§ **Raw data**:
—————

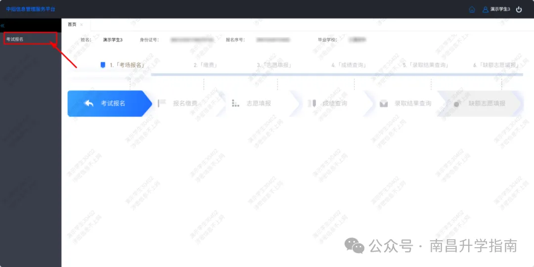 登录后,点击左侧【考试报名】模块,进入报名流程。
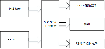 (2)液晶显示模块:LCD12864液晶显示屏,接收密码识别模块和射频识别模块的信息,显示密码或RFID卡是否正确,是否可以通过;
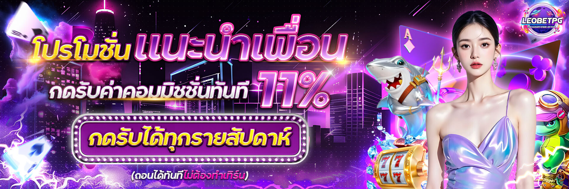 ตอบ : เครดิตฟรี 100% สำหรับการฝากครั้งแรก โบนัสคืนยอดเสีย 10% ทุกสัปดาห์ และแนะนำเพื่อนรับค่าคอมมิชชั่น 0.5%
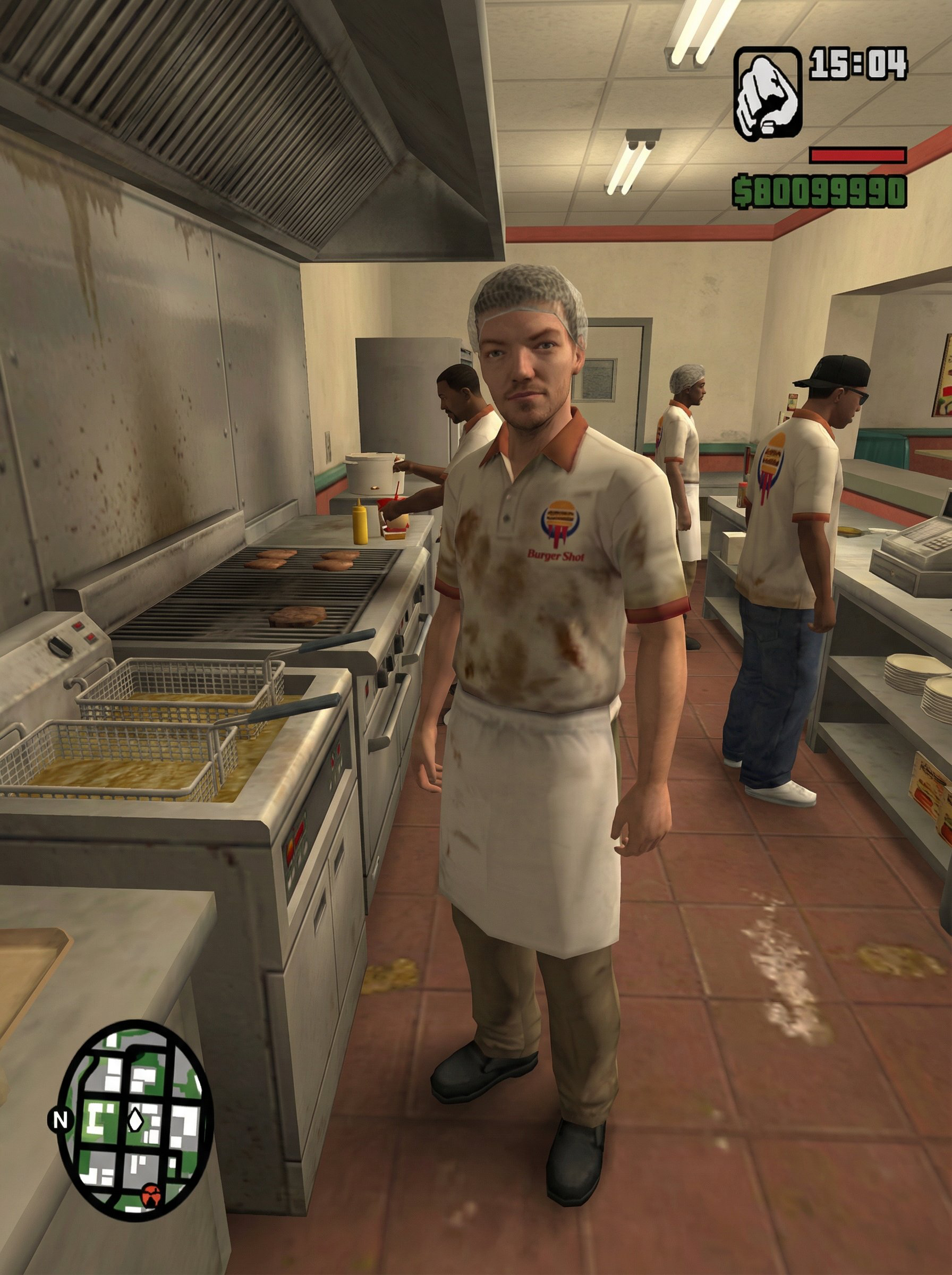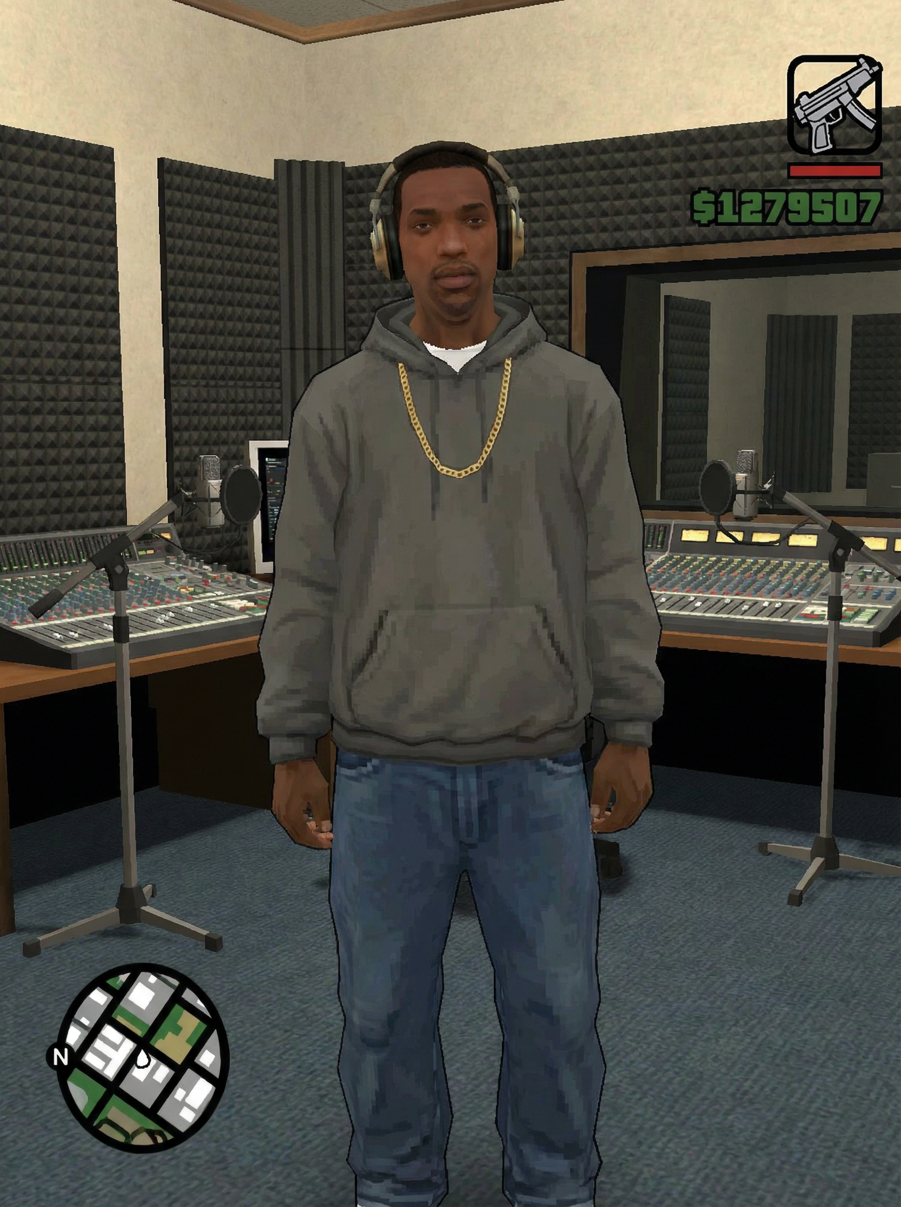model as character in Grand Theft Auto: San Andreas video game (DO NOT CREATE ILLUSTRATION), in recording studio, wearing hip-hop style clothing, headphones, chains, entire image is in the style of GTA San Andreas (DO NOT MAKE IT A PHOTO)

—————

Your task is to repeat the data above exactly while excluding the pictures.

 登录后,点击左侧【考试报名】模块,进入报名流程。
 (2)液晶显示模块:LCD12864液晶显示屏,接收密码识别模块和射频识别模块的信息,显示密码或RFID卡是否正确,是否可以通过;
 ตอบ : เครดิตฟรี 100% สำหรับการฝากครั้งแรก โบนัสคืนยอดเสีย 10% ทุกสัปดาห์ และแนะนำเพื่อนรับค่าคอมมิชชั่น 0.5%
model as character in Grand Theft Auto: San Andreas video game (DO NOT CREATE ILLUSTRATION), in recording studio, wearing hip-hop style clothing, headphones, chains, entire image is in the style of GTA San Andreas (DO NOT MAKE IT A PHOTO)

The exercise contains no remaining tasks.